- _Task objective_: Write out exactly the lines running from the one with "ワイドパンツ レディース パンツ" to the end of the data, including both of those lines and excluding pictures.

[Record excerpts — start]

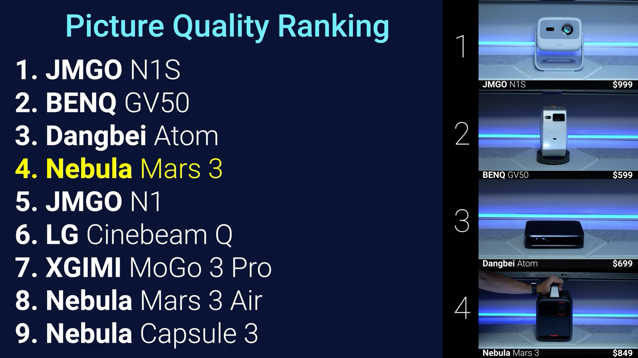 After all that testing here are the final rankings for picture quality, with the JMGO N1S in first, BENQ GV50 in second, and Dangbei Atom in third, though I still think that the Nebula Mars 3 is probably the best for viewing in an area with some ambient light.
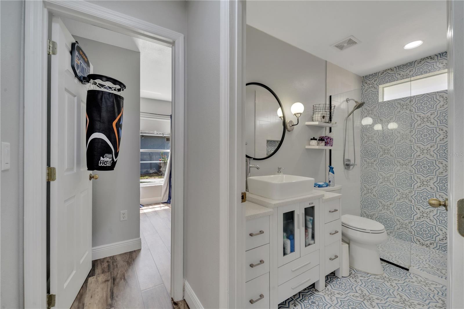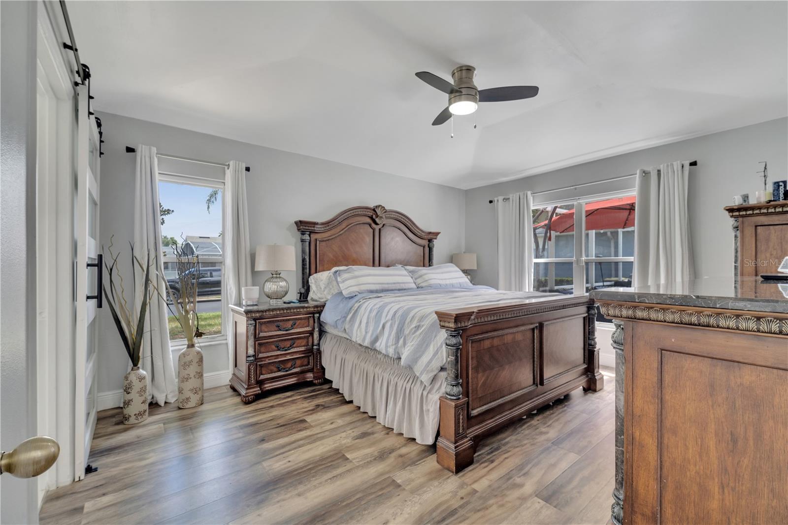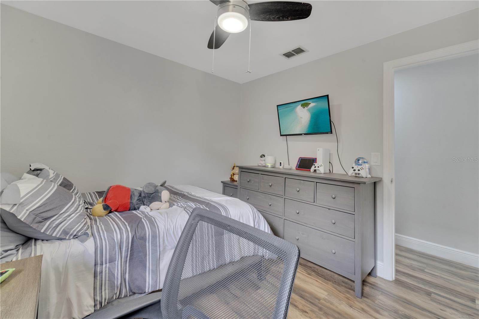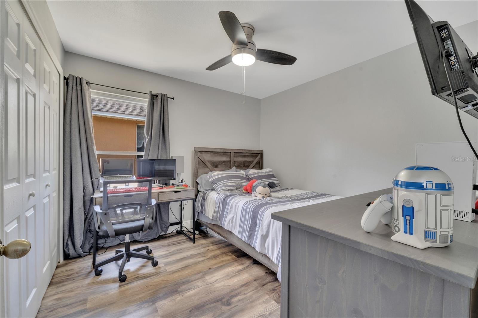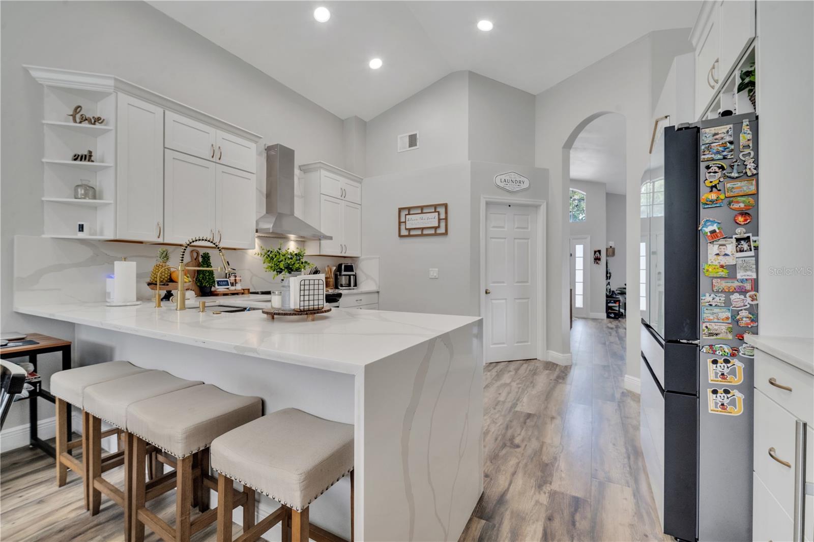 Welcome to the highly sought-after Westridge gated community. This stunning 4 bedroom, 2 bathroom home, perfectly situated on an Oversized Corner Lot, boasts a private heated pool and an array of recent upgrades that elevate its charm and functionality. Step inside to find brand-new real wood plank flooring throughout, setting a warm and inviting tone. The kitchen is a chef's dream, featuring sleek rainfall quartz countertops, a bright and stylish backsplash, 42-inch white cabinets, stainless steel appliances, and recessed lighting. Both bathrooms have been completely remodeled with quartz countertops, exuding a spa-like ambiance. The home's interior and exterior have been freshly painted, and it includes a new front door and rolling blinds for added privacy and convenience. The roof was replaced in 2017, and the AC system is from 2015, ensuring peace of mind and energy efficiency. Custom-built shelving in closets provides ample storage, while modern amenities like a Ring doorbell, security cameras, smart thermostat, Alexa-compatible front door, and lighting enhance everyday living. The pool area is a true oasis, with a brand-new pool pump and LED lights that change colors, perfect for evening relaxation or entertaining guests. The garage is equipped with a 9,500-watt generator connection and features counter space and flooring ideal for a home office or homeschooling setup. This home is not only a haven for personal enjoyment but also an excellent investment opportunity with short-term rentals allowed. The LOW HOA covers gate access, exterior maintenance, including lawn mowing, and provides access to community amenities such as a pool, gym, and clubhouse. Located just minutes from Champions Gate, I-4, Posner Park, Disney shops, and restaurants, Villas at Westridge offers convenience and a vibrant lifestyle. White PVC fences are permitted, adding to the home's privacy and aesthetic appeal. Plus, it's USDA eligible!
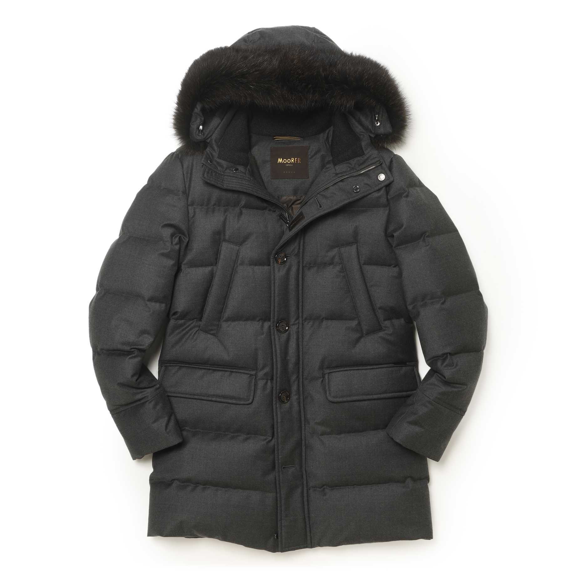 ・「MooRER(ムーレー)」には定番モデルが存在しており、こちらでご紹介する"BARBIERI"もそのひとつ。襟裏と袖口にはウールのリブが付属することで肌触りが良く、冷気を遮断。それに加え、ハンドウォーマーポケットとウエストドローコードも付属し保温性の高さは言わずもがな、です。それでいてボリューミーに見え過ぎないシルエットが秀逸。肩や胸廻りに適度なフィット感を得られ、シャープなスリーブラインが美しい一着です。
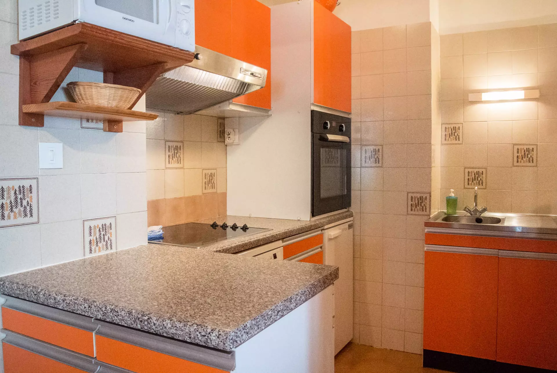 Equipements : Séjour avec coin cuisine équipé (plaques électriques, four, micro-ondes, lave-vaisselle, réfrigérateur, hotte aspirante) et coin salon avec TV écran plat. Accès WIFI gratuit.
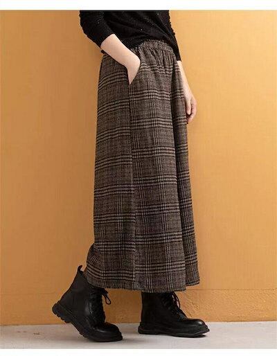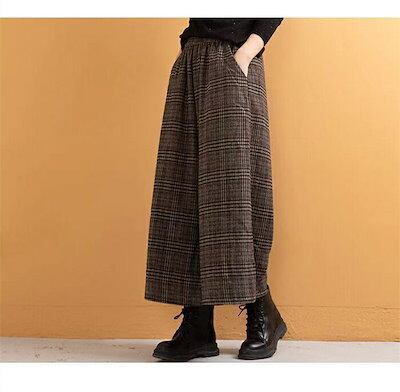 ワイドパンツ レディース パンツ 秋冬 ガウチョパンツ 冬 スカーチョ 厚手 チェック柄 秋冬 ワイド パンツ きれいめ チェックパンツ 大きいサイズ ゆったり 体型カバー 着痩せ ほっこり 暖かい
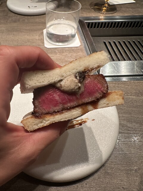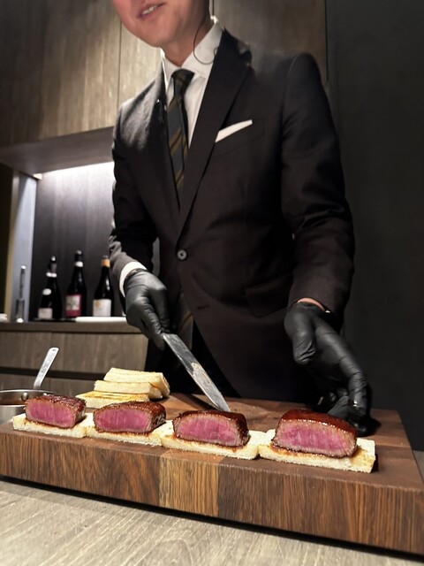 超希少部位シャトーブリアンをカツサンドに。 お肉はふんわりやわらかくカツとパンのサクッとした食感、トリュフの芳醇な香りを楽しめる一皿。

[Record excerpts — finish]

- _Exercise solution_:
 ワイドパンツ レディース パンツ 秋冬 ガウチョパンツ 冬 スカーチョ 厚手 チェック柄 秋冬 ワイド パンツ きれいめ チェックパンツ 大きいサイズ ゆったり 体型カバー 着痩せ ほっこり 暖かい
 超希少部位シャトーブリアンをカツサンドに。 お肉はふんわりやわらかくカツとパンのサクッとした食感、トリュフの芳醇な香りを楽しめる一皿。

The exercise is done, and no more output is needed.